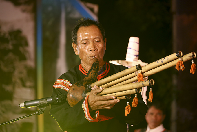 Nghệ nhân người Ê đê ở xã Khánh Hiệp (huyện Khánh Vĩnh) biểu diễn khèn bầu. |
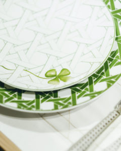 A chacun de ses défilés, dans les salons du 30, avenue Montaigne, Christian Dior installait ses invités sur d’élégantes chaises de style Napoléon III, dont l’assise était ornée de cannage, un code graphique devenu emblème iconique de la Maison. Réinterprété par Cordelia de Castellane dans différentes tailles et proportions surprenantes, ce symbole s’enrichit d’une nouvelle version. Sur des assiettes à dessert, il dialogue avec deux porte-bonheurs chers au cœur de Dior : le trèfle ainsi que l’abeille célébrant les petites mains virtuoses des ateliers que Christian Dior nommait ainsi. Au gré d’objets de décoration inédits, cannage en rotin et plexiglas se côtoient, composant un jeu de matières léger et délicat. Une évocation contemporaine et joyeuse de l’art d’offrir et de recevoir cher à Monsieur Dior.
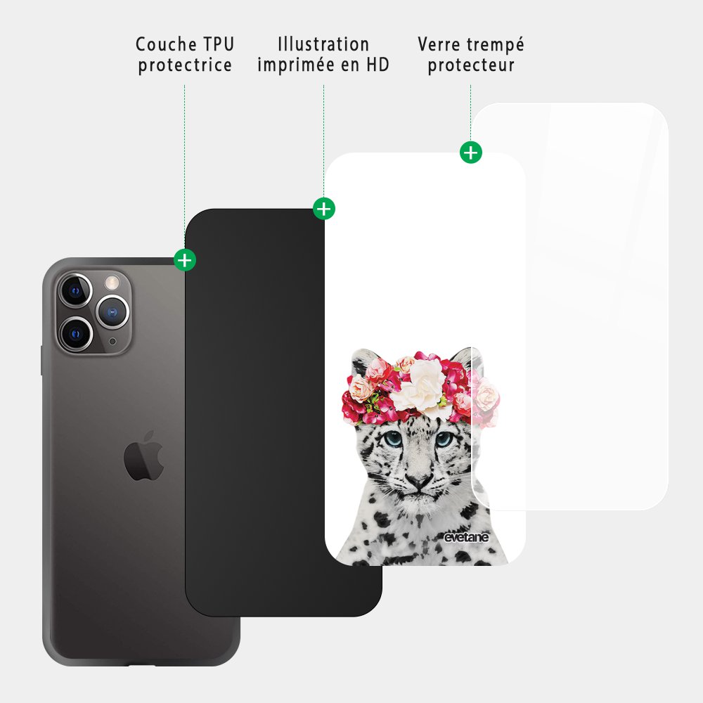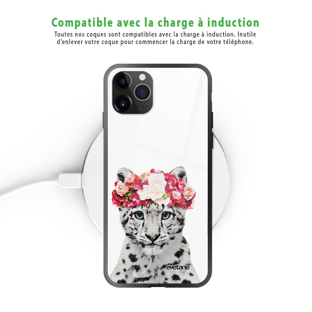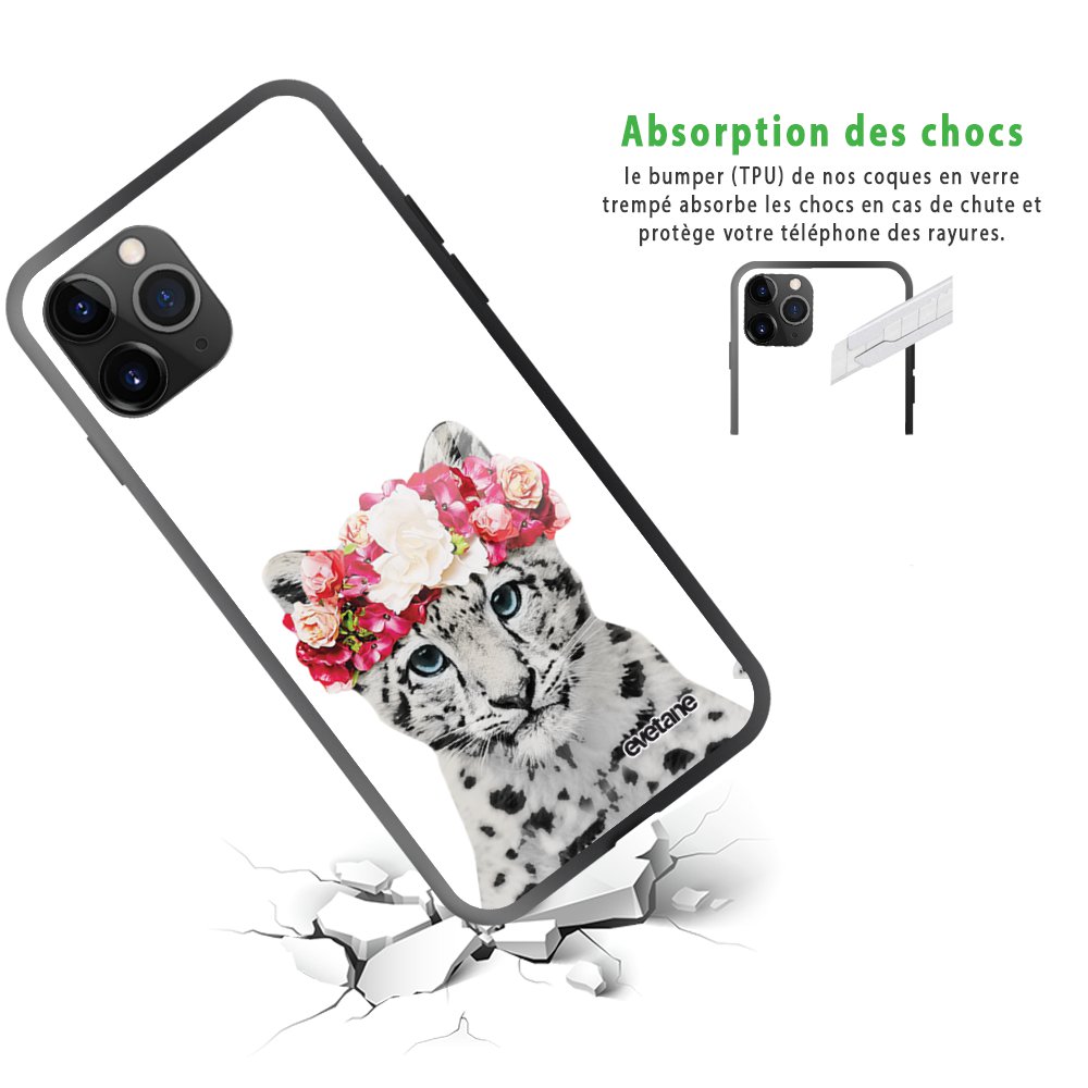 Coque en verre trempé iPhone 11 Pro Max Leopard Couronne Ecriture Tendance et Design Evetane.
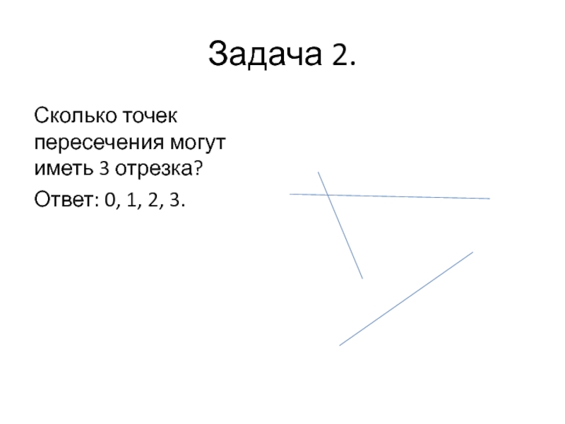 Задача 2.Сколько точек пересечения могут иметь 3 отрезка?Ответ: 0, 1, 2, 3.
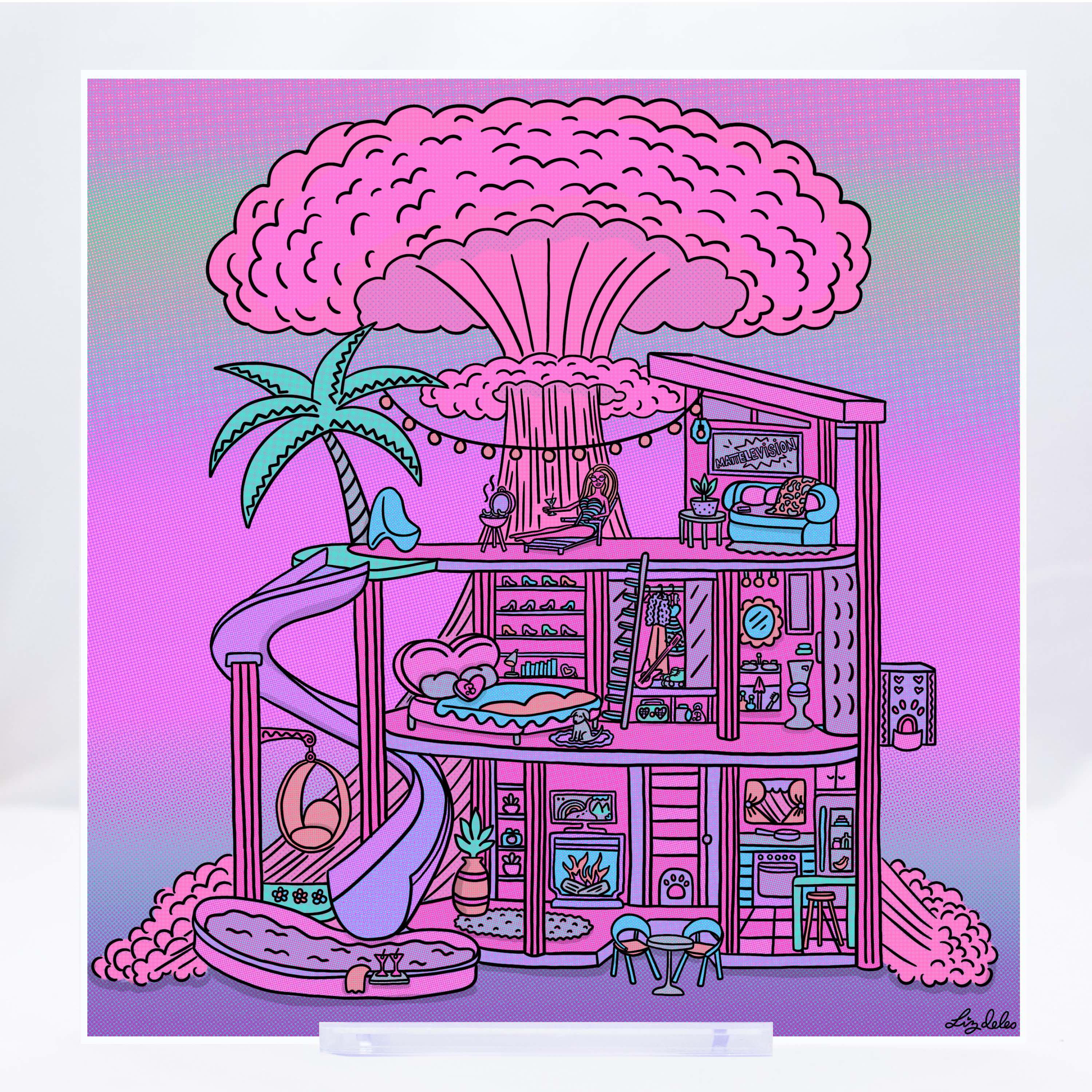 Liz Deleo is een multidisciplinaire kunstenares die leeft in haar eigen cartoonwereld. Ze probeert altijd de kloof te overbruggen en brengt haar tijd door met het illustreren en schilderen van haar met pastelkleuren en sprankelingen gevulde brein tot een bestaan zodat anderen het kunnen delen. Haar werk is sterk beïnvloed door popcultuur, gaming, reizen, geestelijke gezondheid, skatecultuur en eten, en dat zie je allemaal terug in haar prints, stickers en meer!
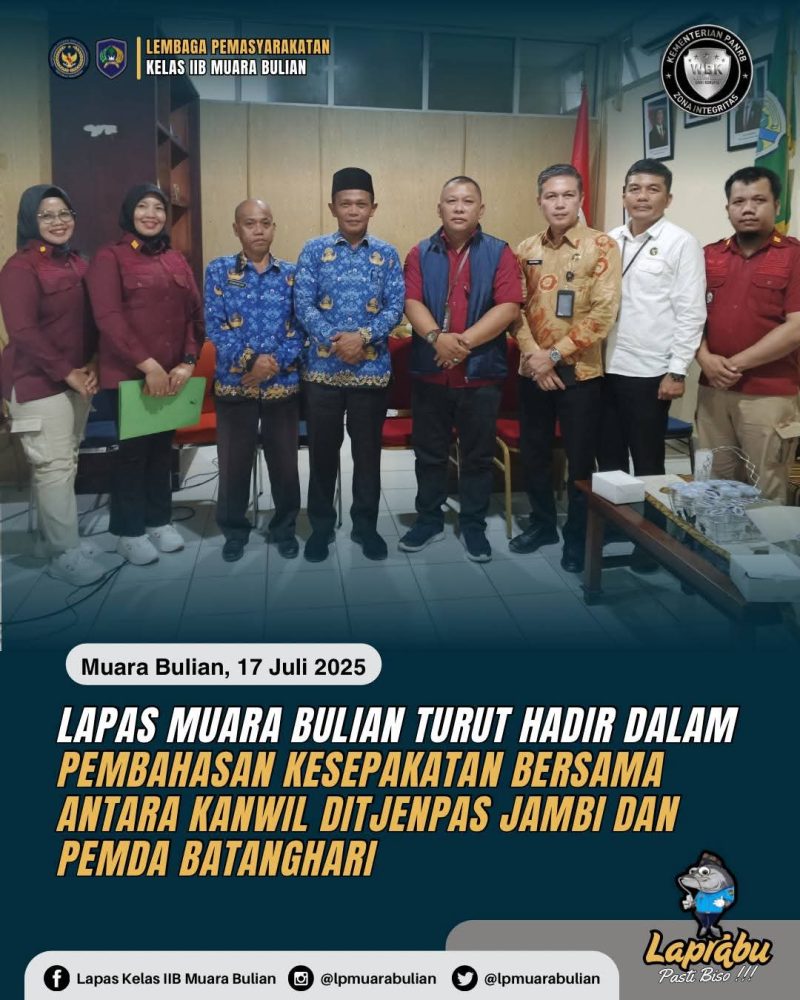 Muara Bulian-matajurnalis.co.id 17 Juli 2025 – Dalam upaya memperkuat sinergi lintas instansi, Lapas Kelas IIB Muara Bulian turut serta dalam kegiatan Pembahasan Kesepakatan Bersama yang berlangsung di Aula Kantor Bupati Batang Hari, Provinsi Jambi.
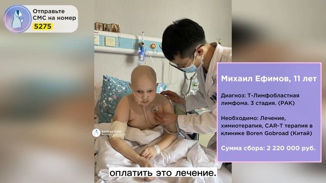 Врачи делают всё, чтобы сдерживать РАКовую опухоль! У мальчика осталась единственная и последняя возможность выжить! Миша очень страдает! Боли его не отпускают, он молча терпит и верит, что это закончится! Подарите надежду! Спасите Мишеньку! Михаил Ефимов, г. Санкт-Петербург Диагноз: Т-Лимфобластная лимфома. 3 стадия. (Рак) Необходимо: Лечение, химиотерапия, CAR-T терапия в клинике Boren Gobroad (Китай) Сумма сбора: 2 220 000 рублей Страница ребёнка на сайте фонда: https://kseniya.fund/komu-pomoch/mihail-efimov/?FAND=rutube Простая многодетная российская семья просит помощи! Их маленький вундеркинд Мишенька прямо сейчас погибает от РАКа! Вот так в одночасье может разрушиться жизнь любящей семьи. К такому невозможно подготовиться или принять. Нет ничего страшнее, чем услышать, что у твоего ребёнка онкология… Миша так мечтает победить РАК и поехать домой! В предновогодней суете мы думаем о празднике, о хорошем! Но давайте постараемся думать и о бедных детках, которые заперты в больнице... И жизнь которых висит на волоске и зависит от оплаченных счетов. Бедному Мишеньке нельзя даже вставать с кровати, а он тоже очень хочет праздника и Нового года! В 2025 году он просто хочет остаться в живых! Спасите Мишеньку! Выберите удобный способ пожертвования у нас на сайте: https://kseniya.fund/komu-pomoch/mihail-efimov/?FAND=rutube Отправьте СМС: - на номер 3434 со словами «Лечим Мишу» и любой суммой. Пример: Лечим Мишу 350 - на номер 5275 и с любой суммой пожертвования. Пример: 350 Банковские реквизиты: Получатель платежа: Благотворительный фонд «Ксения Спасает Жизни» ИНН 7814779325 КПП 781401001 ОГРН 1207800101497 ПАО «Сбербанк» Р/с 40701810755000000688 Банк: Северо-Западный банк ПАО Сбербанк БИК: 044030653 К/с 30101810500000000653 Назначение платежа: Благотворительное пожертвование для Михаила Ефимова. #мишаефимов #творидобро #ракуходи #лимфома #детироссии #семья #мойсынока #помоги #ксенияспасаетжизни
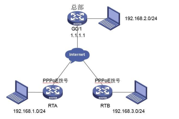 MSR 分支路由器采用 PPPoE 拨号方式上网,IP 地址不固定,MSR 总部路由器外网口 G0/1 的地址为 1.1.1.1(模拟运营商公网固定地址环境)。要实现对分支 1 所在的内网(192.168.1.0/24)与分支 2 路由器所在的内网(192.168.3.0/24)之间的数据流进行安全保护,实现两端内网终端通过与总部建立 IPsec VPN 隧道进行互访。
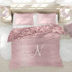 Blush Pink Brushed Metal Glitter Monogram Name Duvet Cover
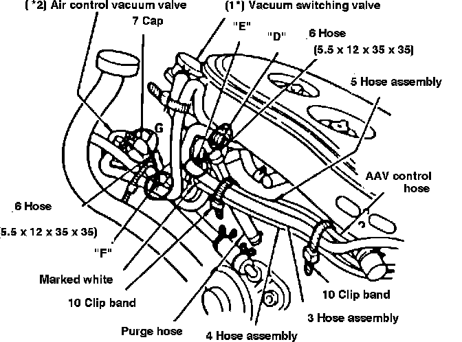 In the case of vehicles with former high-altitude kit (483337400) already mounted, remove the hose connecting between the nipple "D" and the connector section "E" and the hose connecting between the connector section "F" and the air control valve section "G" instead of per - forming step 1) above. In addition, fit the cap (7) to the air control section "G".
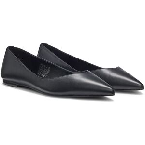 Ideal for everyday wear, these HUGO Womenswear ballerina flats are shaped in rich nappa leather with padded details for comfort. Pointed toe. Stacked-logo trim. This product contains at least 60% better raw materials. We continuously look for more responsible ways to produce and finish our products. A minimum of 60% of the leather used to make this product has been sourced from certified tanneries. Features:- Fastening top: Slip-onSpecifications:- Material: Innersole: 40% Polyester, 60% Polyurethane, 100% Sheepskin, Lining: 50% Polyamide, 50% Polyurethane, 50% Polyester, 50% Polyurethane, Quality: 100% Lyocell, Sole: 100% Rubber, Upper material: 100% Sheepskin
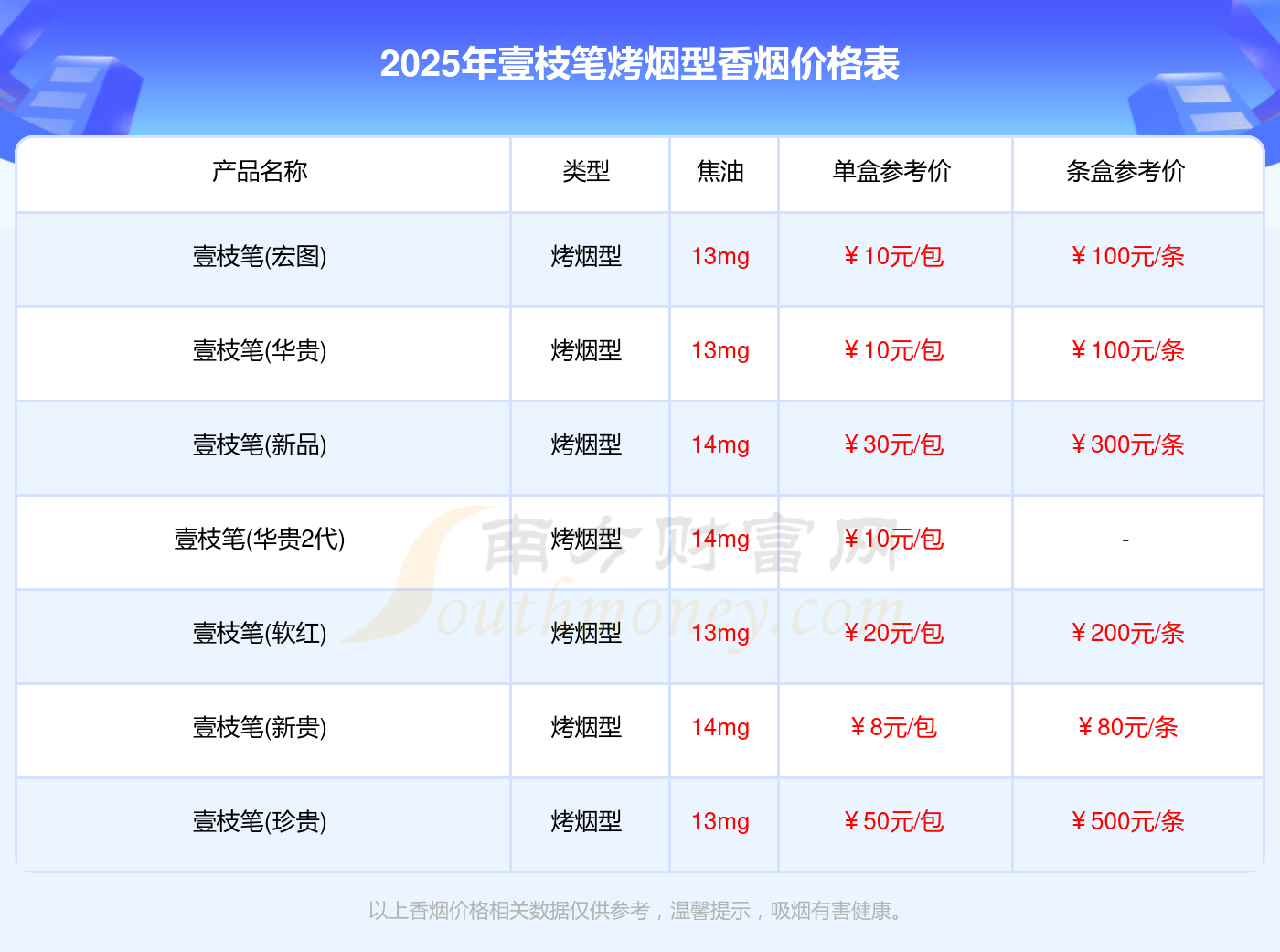 當下壹枝筆價格最高的烤煙型香煙為壹枝筆(珍貴),參考價50.0元/包,而壹枝筆香煙價格最低的是壹枝筆(新貴),參考價8.0元/包,價格高低差為42元/包。
================================
* WHAT YOU ARE ASKED TO DO
Write out only the lines from the line containing "Blush Pink Brushed" through the end of the material above, both end lines included. Pictures are not written out.

* THE COMPLETED TASK
 Blush Pink Brushed Metal Glitter Monogram Name Duvet Cover
 In the case of vehicles with former high-altitude kit (483337400) already mounted, remove the hose connecting between the nipple "D" and the connector section "E" and the hose connecting between the connector section "F" and the air control valve section "G" instead of per - forming step 1) above. In addition, fit the cap (7) to the air control section "G".
 Ideal for everyday wear, these HUGO Womenswear ballerina flats are shaped in rich nappa leather with padded details for comfort. Pointed toe. Stacked-logo trim. This product contains at least 60% better raw materials. We continuously look for more responsible ways to produce and finish our products. A minimum of 60% of the leather used to make this product has been sourced from certified tanneries. Features:- Fastening top: Slip-onSpecifications:- Material: Innersole: 40% Polyester, 60% Polyurethane, 100% Sheepskin, Lining: 50% Polyamide, 50% Polyurethane, 50% Polyester, 50% Polyurethane, Quality: 100% Lyocell, Sole: 100% Rubber, Upper material: 100% Sheepskin
 當下壹枝筆價格最高的烤煙型香煙為壹枝筆(珍貴),參考價50.0元/包,而壹枝筆香煙價格最低的是壹枝筆(新貴),參考價8.0元/包,價格高低差為42元/包。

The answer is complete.